新聞「農民」
「農民」記事データベース20180702-1317-04

持続的な地域社会めざし、
必要な行動を起こそう

農業と食の未来を考える

長澤真史
東京農業大学名誉教授


三重県農民連
松阪市で農政講演会を開催

 三重県農民連は6月17日、松阪市のJA松阪本店会議場に長澤真史・東京農業大学名誉教授を講師に招き、「農業と食の未来を考える」講演会を開催しました。

 この日は好天に恵まれ、翌日から本格的梅雨入り予報の中、小麦の刈り取りや飼料米の植え付け作業などを午前中で切り上げての参加者など、会場をほぼ埋める80人が集いました。

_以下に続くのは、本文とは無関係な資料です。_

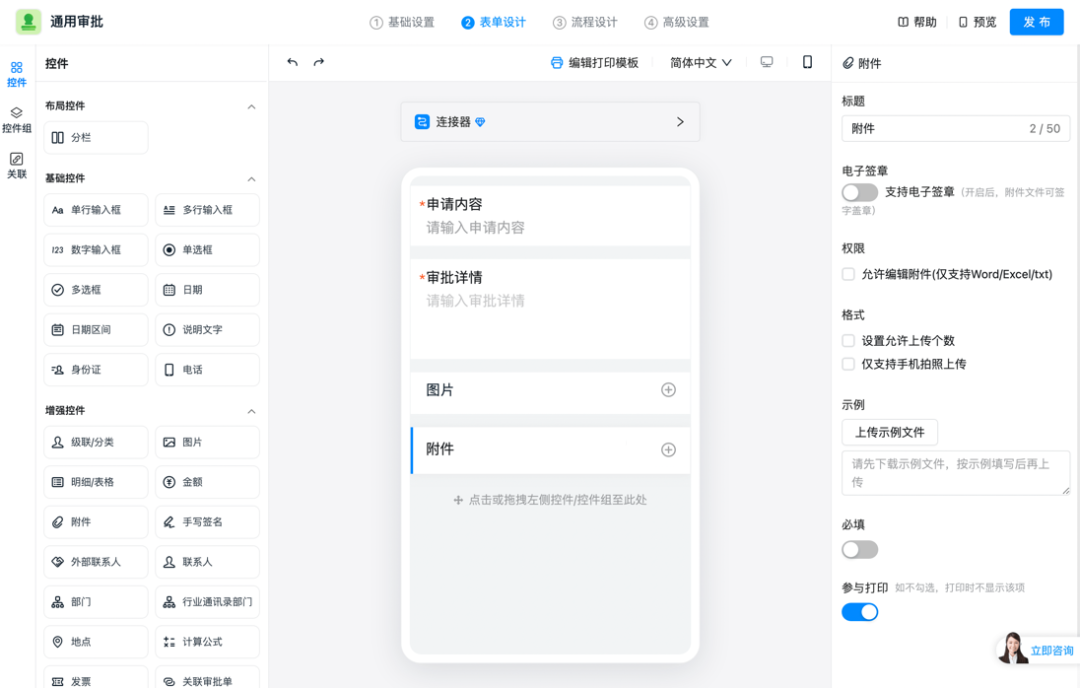 支持对审批「附件」字段进行在线编辑、上传示例文件、限定上传个数、仅支持手机拍照上传等设置,附件使用更高效。

 長澤教授は、TPPをめぐる日米関係の動向を整理・解説したうえで、農業を巡る国際環境の変貌と日本農政の転換の必要性を強調。「農業所得減少の責任は農協にある」として農協法の改悪を強行し、農協解体を強引にすすめる安倍官邸農政を批判しました。

 また、官邸・規制改革推進会議の「所得の増大」を掲げる狙いを解説。農協と民間営利企業との対等な条件づくりを一気に進め、(1)代理店化への道(2)さらなる広域合併を進める――などの事態を解明しました。

 さらに、農協攻撃の狙いと背景を詳しく解説。最後に、日本の農業と地域社会の現状をとらえ、持続的な地域社会の整備に向けて、(1)農業の再生産を保障する「価格保障政策」を重要視する(2)国民に安心・安全な農畜産物を安定供給し、農業・農村の多面的機能を確保する(3)人口減少・少子化・高齢化の地域を巡る厳しい状況をとらえ、集落、自治会、農協組織などと「相互扶助」の精神でつながりあい、必要な行動を起こすこと――などを提起しました。

 参加者からは「高齢でリタイアし、後継者がなくどう対応するか」「農業と同様に零細商業も大型店進出で、閉店せざるをえなくなっている」など、質問や発言が続出しました。